Below are lines of data; restate word for word those running from the line containing "Den här sportetiska, atletiska" to the line containing "LAMPUNG TIMUR,pelitarakyat.co.id –", inclusive, and no others.

Dataset records START

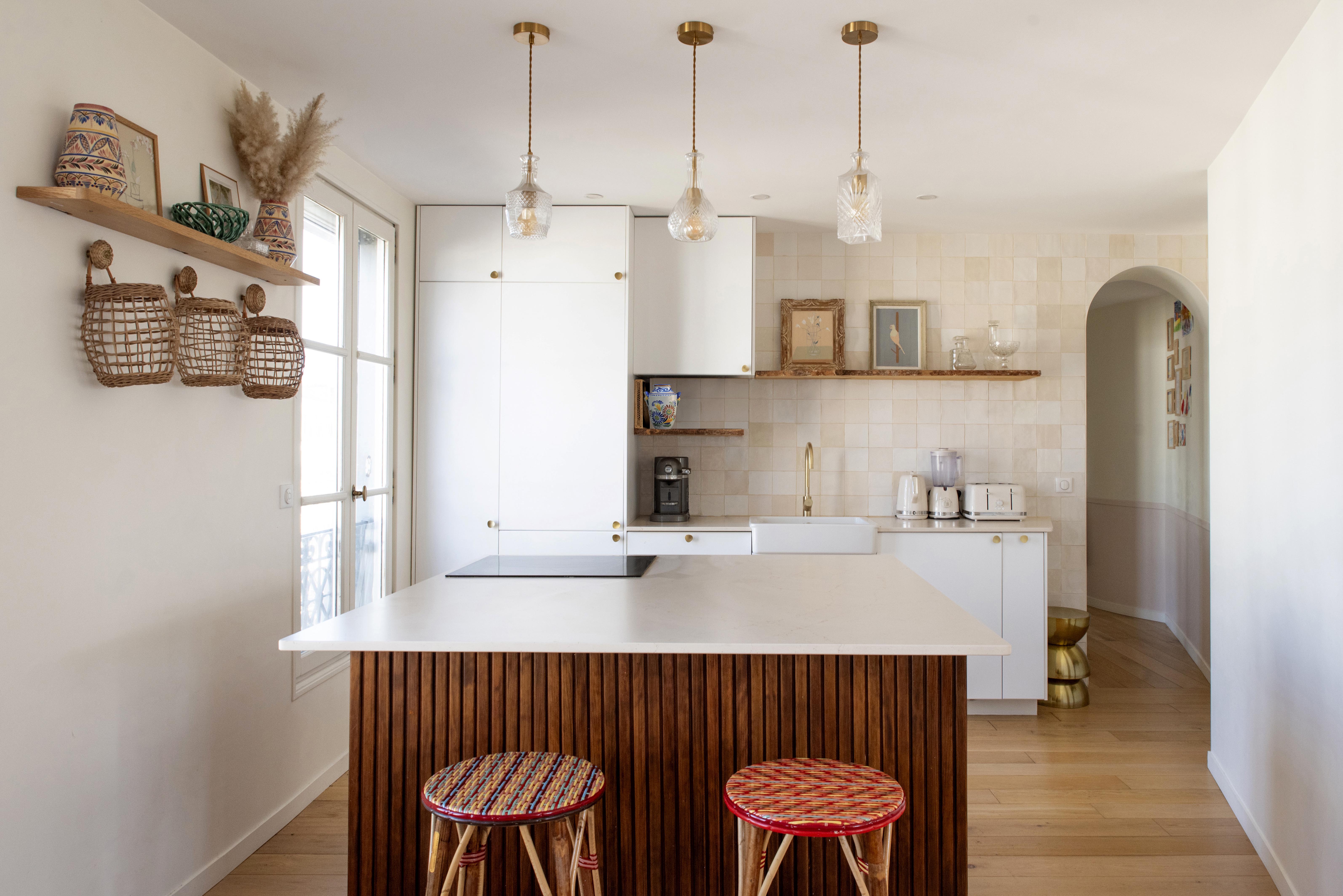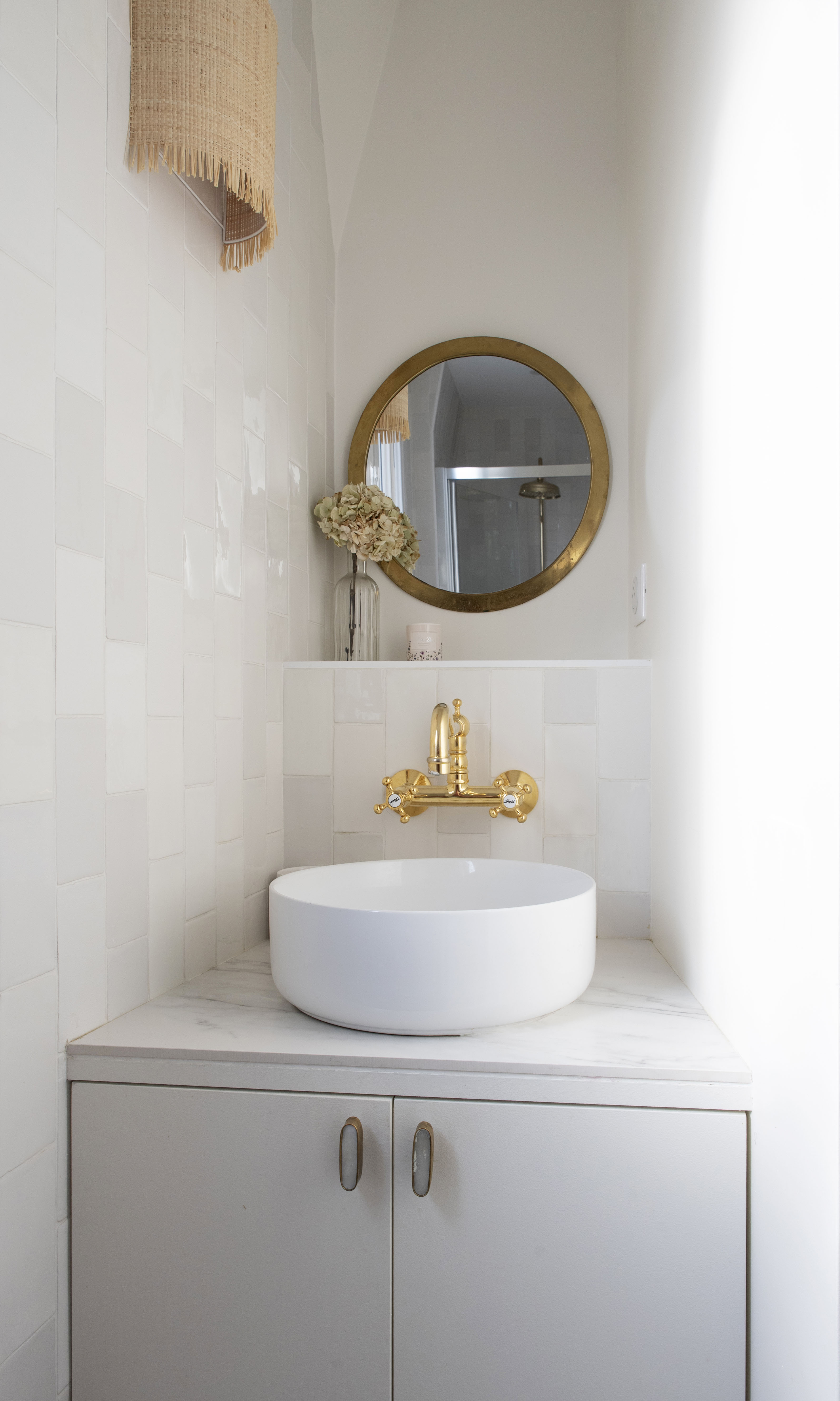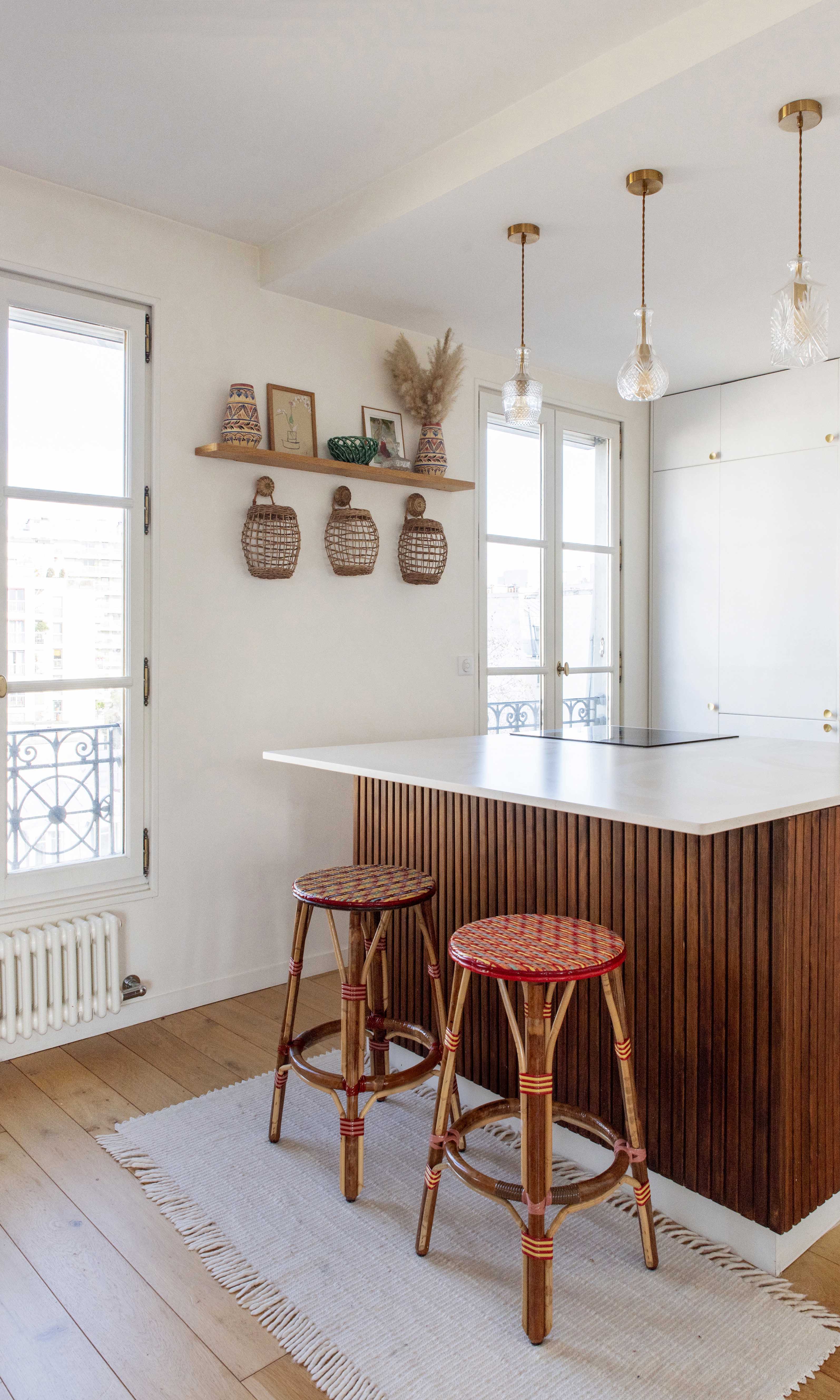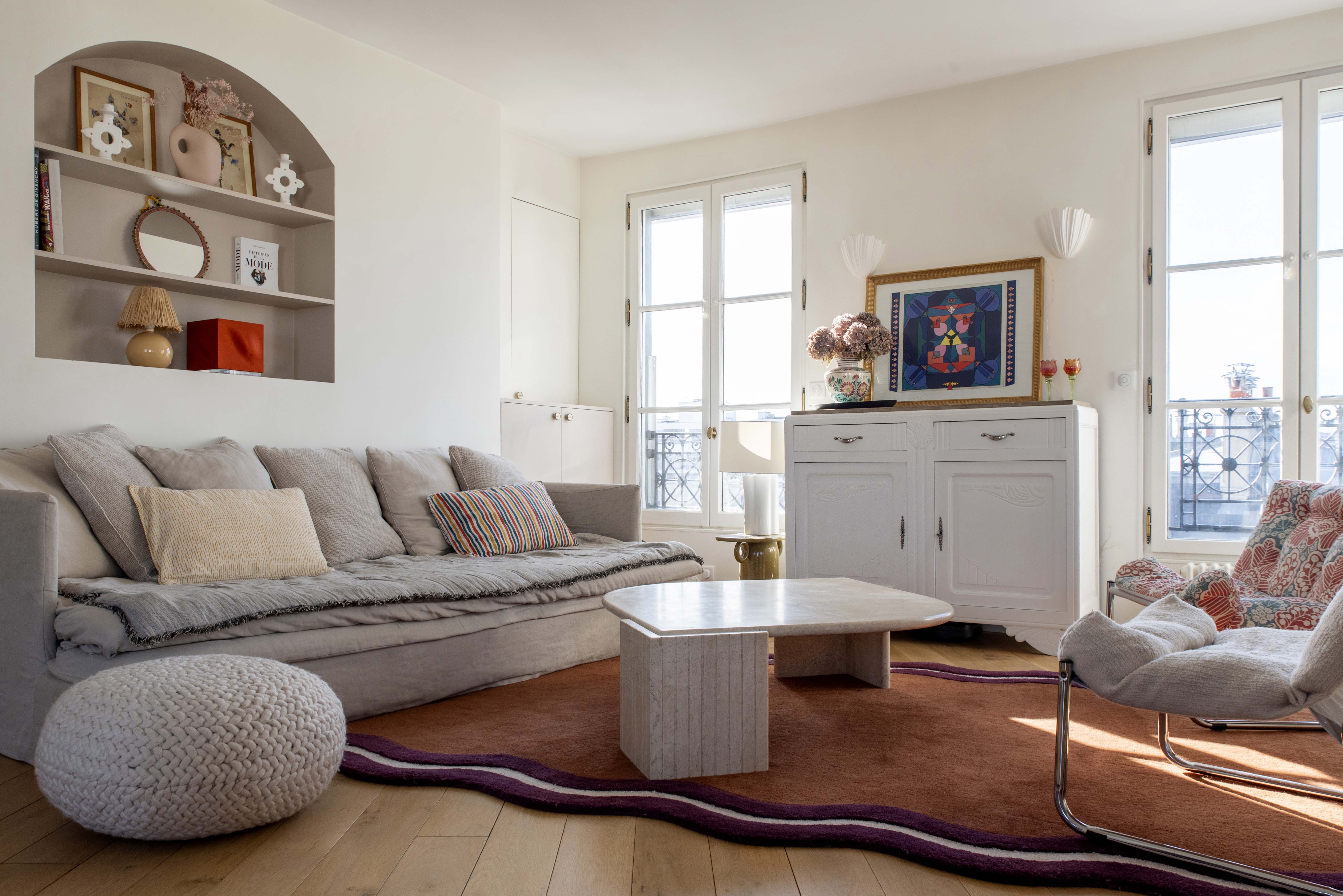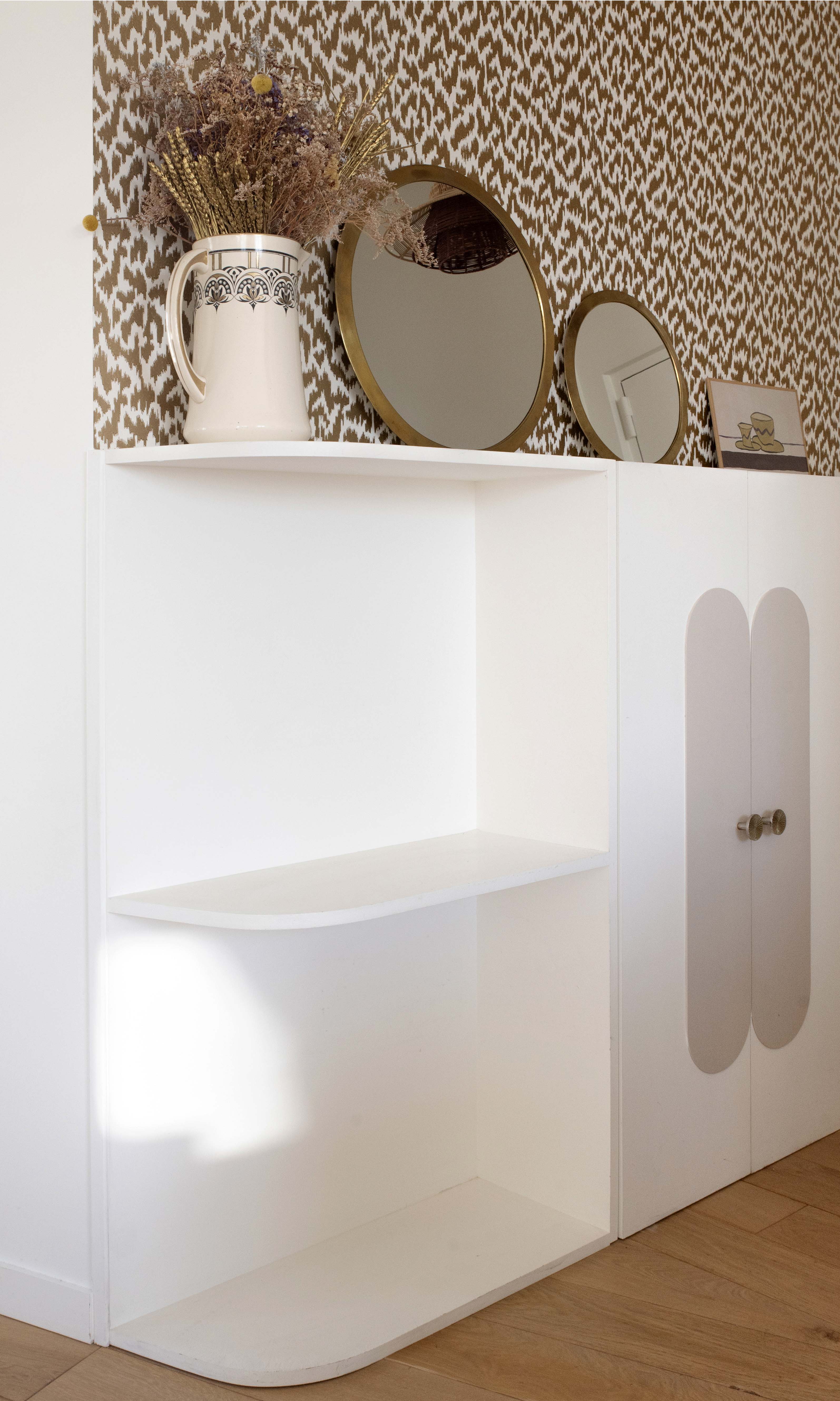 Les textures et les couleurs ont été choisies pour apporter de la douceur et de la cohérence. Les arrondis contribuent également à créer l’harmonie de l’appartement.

Dataset records END
Dataset records START

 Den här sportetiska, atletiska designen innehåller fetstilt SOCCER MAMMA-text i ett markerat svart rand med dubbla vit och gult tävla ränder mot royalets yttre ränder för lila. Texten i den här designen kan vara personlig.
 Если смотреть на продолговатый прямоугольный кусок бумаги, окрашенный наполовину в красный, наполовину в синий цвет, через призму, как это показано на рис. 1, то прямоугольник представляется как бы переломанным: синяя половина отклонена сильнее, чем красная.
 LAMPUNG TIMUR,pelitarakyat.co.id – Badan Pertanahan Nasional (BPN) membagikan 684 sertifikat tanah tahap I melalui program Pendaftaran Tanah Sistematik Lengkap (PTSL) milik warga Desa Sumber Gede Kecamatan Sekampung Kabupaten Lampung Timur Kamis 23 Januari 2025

Dataset records END

» **Expected output**:
 Den här sportetiska, atletiska designen innehåller fetstilt SOCCER MAMMA-text i ett markerat svart rand med dubbla vit och gult tävla ränder mot royalets yttre ränder för lila. Texten i den här designen kan vara personlig.
 Если смотреть на продолговатый прямоугольный кусок бумаги, окрашенный наполовину в красный, наполовину в синий цвет, через призму, как это показано на рис. 1, то прямоугольник представляется как бы переломанным: синяя половина отклонена сильнее, чем красная.
 LAMPUNG TIMUR,pelitarakyat.co.id – Badan Pertanahan Nasional (BPN) membagikan 684 sertifikat tanah tahap I melalui program Pendaftaran Tanah Sistematik Lengkap (PTSL) milik warga Desa Sumber Gede Kecamatan Sekampung Kabupaten Lampung Timur Kamis 23 Januari 2025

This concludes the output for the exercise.